Revision teilweise erfolgreich: Einstellung in zwei Fällen wegen fehlenden Strafantrags (§264a StGB)
- Gericht
- BGH
- Spruchkörper
- 2. Strafsenat
- Aktenzeichen
- 2 StR 497/69
- Datum
- 27.11.1969
- Rechtsgebiet
- Strafrecht
Abstrakte Rechtssätze
Eine Verfahrensrüge nach § 344 Abs. 2 StPO ist unzulässig, wenn sie nicht ausgeführt bzw. nicht substantiiert dargelegt wird.
Die Überprüfung eines Urteils im Rahmen der allgemeinen Sachrüge kann zur Aufhebung von Verurteilungen führen, wenn sich durchgreifende Bedenken gegen deren Rechtmäßigkeit ergeben.
Versuchter Notbetrug unterliegt der Strafverfolgung nur, wenn der nach § 264a Abs. 3 StGB erforderliche Strafantrag gestellt ist; fehlt dieser, ist das Verfahren einzustellen.
Die Einstellung einzelner Tatbestände wegen fehlenden Strafantrags führt zum Wegfall einer aus diesen Taten gebildeten Gesamtstrafe, ohne zwangsläufig bestehende Einzelstrafen für andere Taten zu berühren.
Vorinstanzen
Landgericht Darmstadt, 10. Juni 1969
Rubrum
BUNDESGERICHTSHOF BESCHLUSS
2 StR 497/69
in der Strafsache gegen ██ aus ████, den Kaufmann Hermann, geboren am ██████ 1939 in ████████, zur Zeit in anderer Sache in Strafhaft, wegen fortgesetzten Betruges u. a.
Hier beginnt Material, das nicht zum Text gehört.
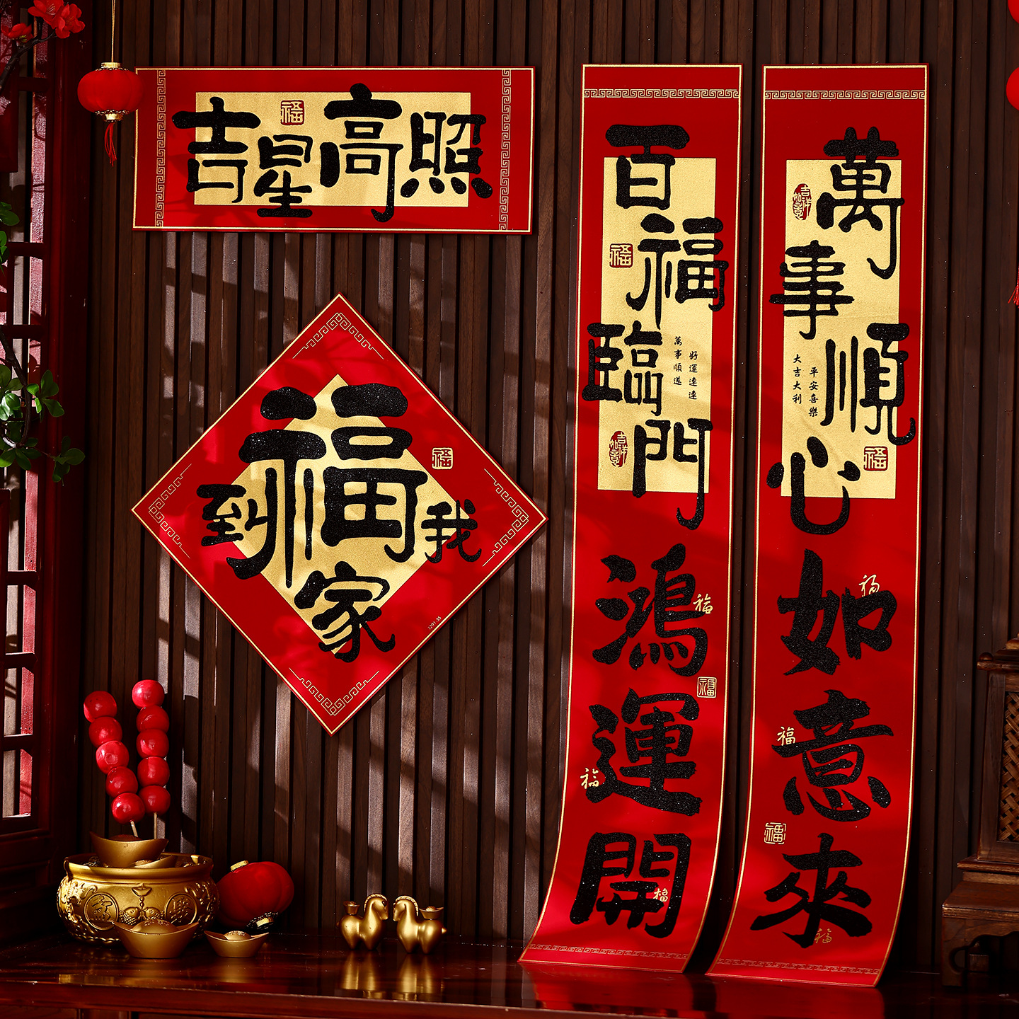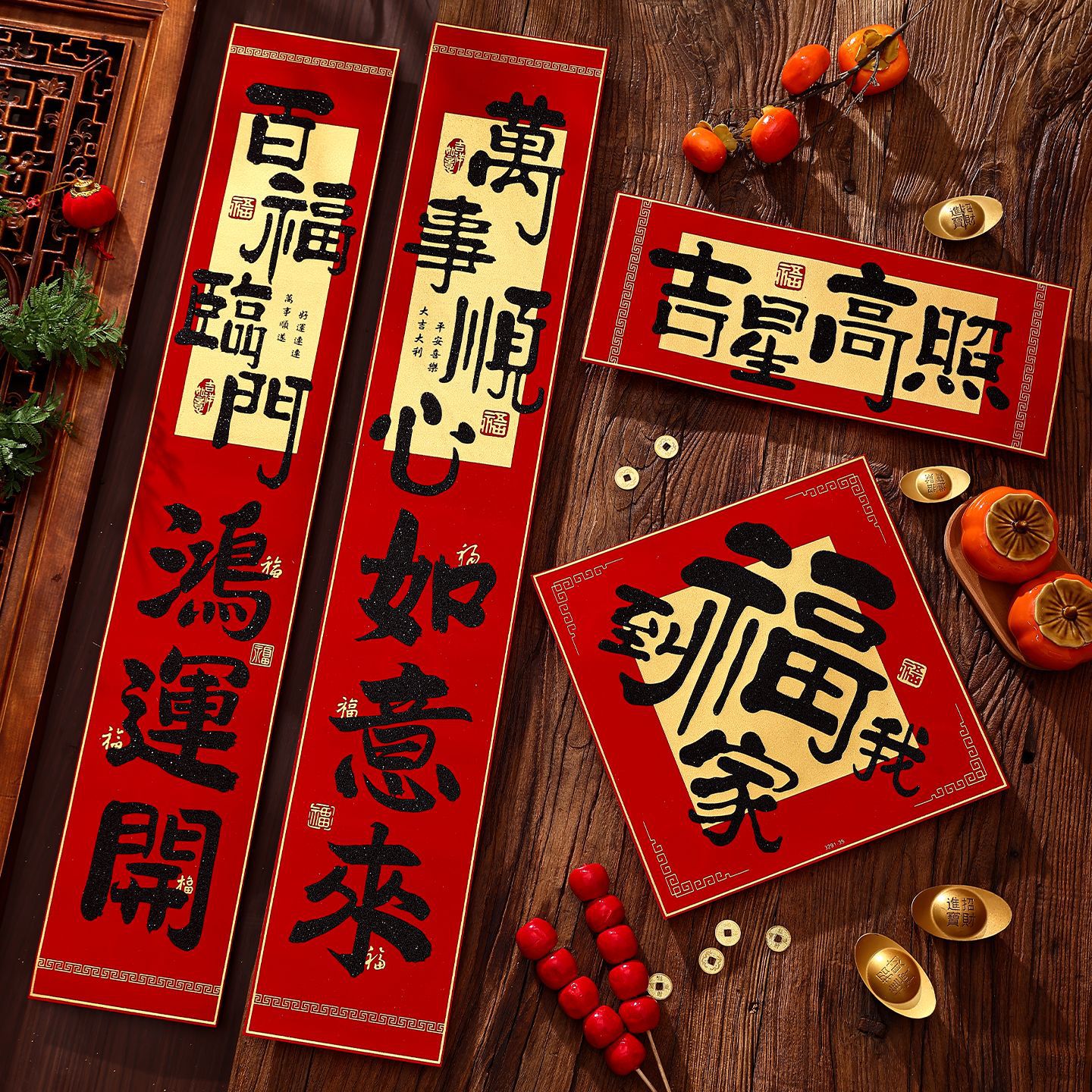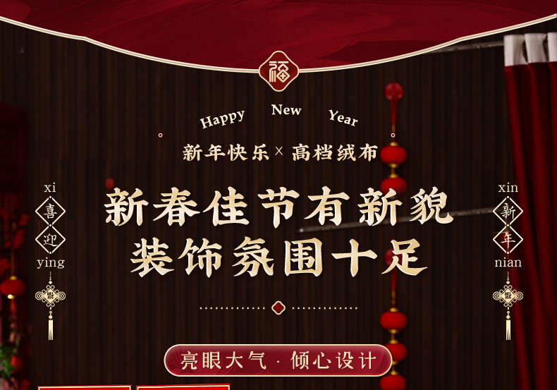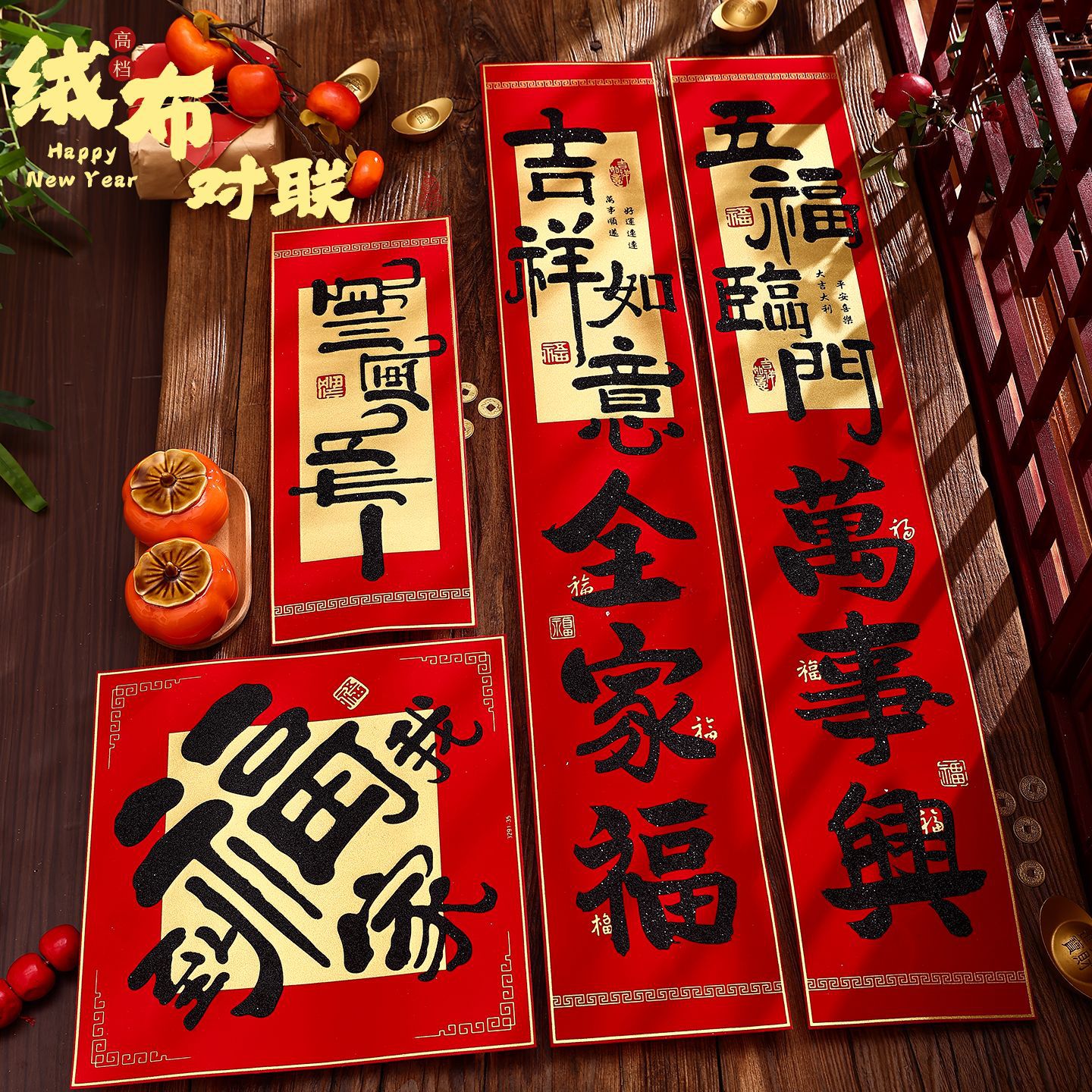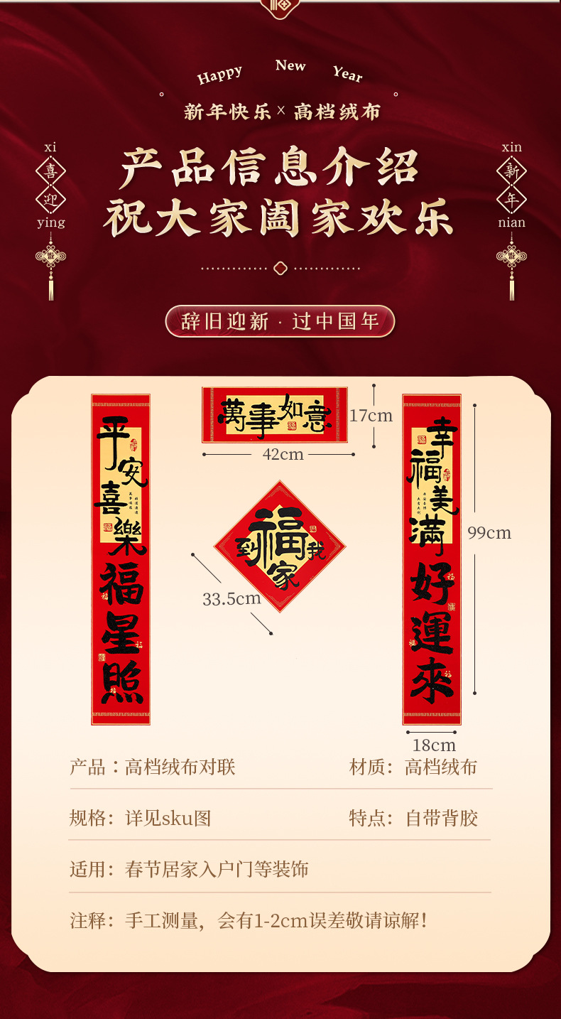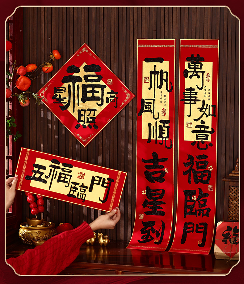 2026新年对联绒布书法春联马年春节福字高档装饰过年背胶年货批货

Der 2. Strafsenat des Bundesgerichtshofs hat in der Sitzung vom 27. November 1969 gemäß § 349 Abs. 2 bis 4 StPO
Tenor
Auf die Revision des Angeklagten gegen das Urteil des Landgerichts in Darmstadt vom 10. Juni 1969 wird das Verfahren in den Fällen ███ und █████ (███ 4) eingestellt. Die zu 3. der Urteilsformel gebildete Gesamtstrafe entfällt. Der Angeklagte ist zu 3. wegen eines fortgesetzten Betrugs zu der Einzelstrafe von einem Jahr Gefängnis verurteilt.
Die weitergehende Revision wird verworfen.
Der Beschwerdeführer hat die Kosten des Rechtsmittels zu tragen.
Gründe
Die Verfahrensrüge ist unzulässig, da sie nicht ausgeführt ist (§ 344 Abs. 2 StPO). Die Überprüfung des Urteils auf die allgemeine Sachrüge ergibt durchgreifende Bedenken gegen die Verurteilung in den Fällen ███ und ███ (II 4).
Da der Angeklagte diese Zeugen um Beträge bis zu 50,— DM zu betrügen versucht hat, weil er am 4. Dezember 1968 keine Barmittel mehr besaß, nicht auf andere Weise zu Geld kommen konnte und deshalb seinen Lebensbedarf kurzfristig mit den erstrebten Beträgen decken wollte, hat er sich jeweils nur des versuchten Notbetruges schuldig gemacht. Es fehlt jedoch an dem nach § 264a Abs. 3 StGB zur Strafverfolgung erforderlichen Strafantrag. Deshalb muss das Verfahren in diesen Fällen eingestellt werden. Damit entfällt auch die zu Nr. 3 der Urteilsformel gebildete Gesamtstrafe. Die für den fortgesetzten Betrug im Falle II 3 verhängte Einzelstrafe bleibt bestehen.
Im Übrigen zeigt das Urteil keinen Rechtsfehler zum Nachteil des Angeklagten.